Question

In parallelogram $ABCD$, $E$ is mid-point of side $AB$ and $CE$ meets the diagonal $BD$ at point $O$, then find area of $△EBC$. Given, Area of $△EOB=80{cm}^2$.

• A. $240c{m}^2$
• B. $140c{m}^2$
• C. $200c{m}^2$
• D. $220c{m}^2$

Answer 1

The correct option is A $240c{m}^2$

Given, Parallelogram $ABCD$ with $E$ as a mid point of $AB,CE$ meets diagonal $BD$ at $O$.

Now, In $△EOB$ and $△DOC$

$\angle DOC=\angle EOB$ (Vertically opposite angles are equal.)
$\angle EBO=\angle ODC$ (Alternate angles, $\because AB\parallel CD$ and $BD$ intersect it)
$\angle OCD=\angle OEB$ (Alternate angles, $\because AB\parallel CD$ and $EC$ intersect it)
Using $A-A-A$ property, $△EOB\sim △DOC$
Using similarity property,
$\frac{OE}{OC}=\frac{EB}{DC}$

$\frac{OE}{OC}=\frac{EB}{AB}$

(As $AB=DC$,opposite sides of parallelogram)

$AB=2EB$

(As $E$ is mid point of AB)
$\therefore \frac{OE}{OC}=\frac{1}{2}$

So, $OE:OC=1:2$

Therefore,$OC=2OE$

$EC=OC+OE$

or $EC=2OE+OE$

or $EC=3OE$

We draw a perpendicular from $B$ to $EC$ which intersects it at $F$.

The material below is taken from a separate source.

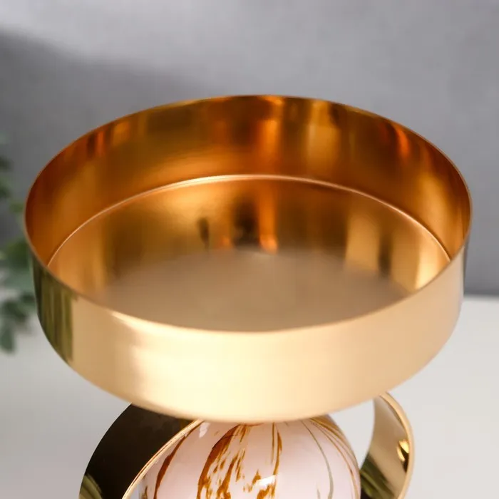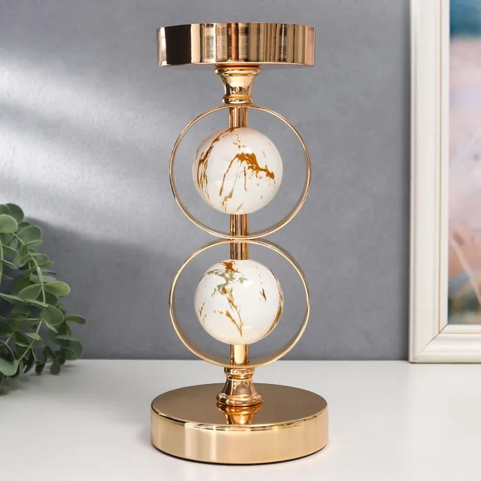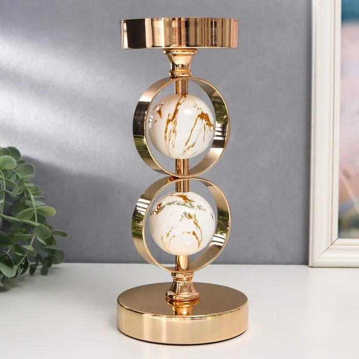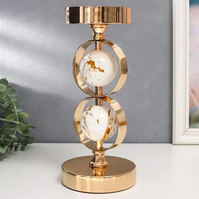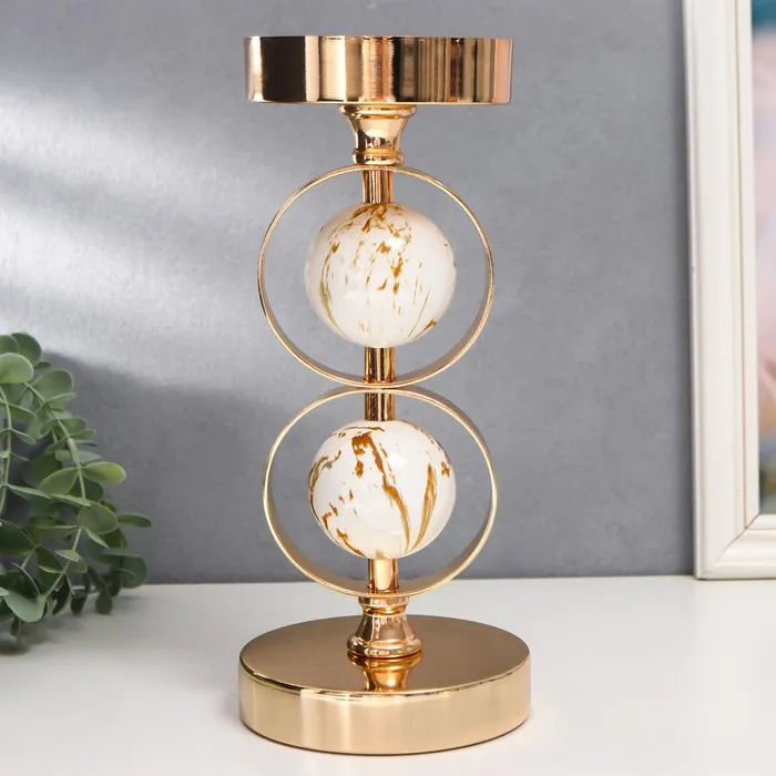 Металлический подсвечник на 1 свечу «Два белых мраморных шара», золото, 27×12×12 см — Характеристики

In $△EBC$ Area of triangle $=\frac{1}{2}\times base\times altitude$

$=\frac{1}{2}\times BF\times EC$

Now, In $△EOB$ Area of triangle $=\frac{1}{2}\times base\times altitude$

$=\frac{1}{2}\times BF\times OE$

Now taking ratio of area of $△EBC$ and $△EOB$,

$\frac{Areaof△EBC}{Areaof△EOB}=\frac{\frac{1}{2}\times EC\times BF}{\frac{1}{2}\times OE\times BF}=\frac{EC}{OE}=\frac{3}{1}$ ....(As $EC=3OE$)

So, an Area of $△EBC$ is $3$ times Area of $△EOB$.

Given, Area of $△EOB=80{cm}^2$

So, Area of $△EBC=3\times 80{cm}^2=240{cm}^2$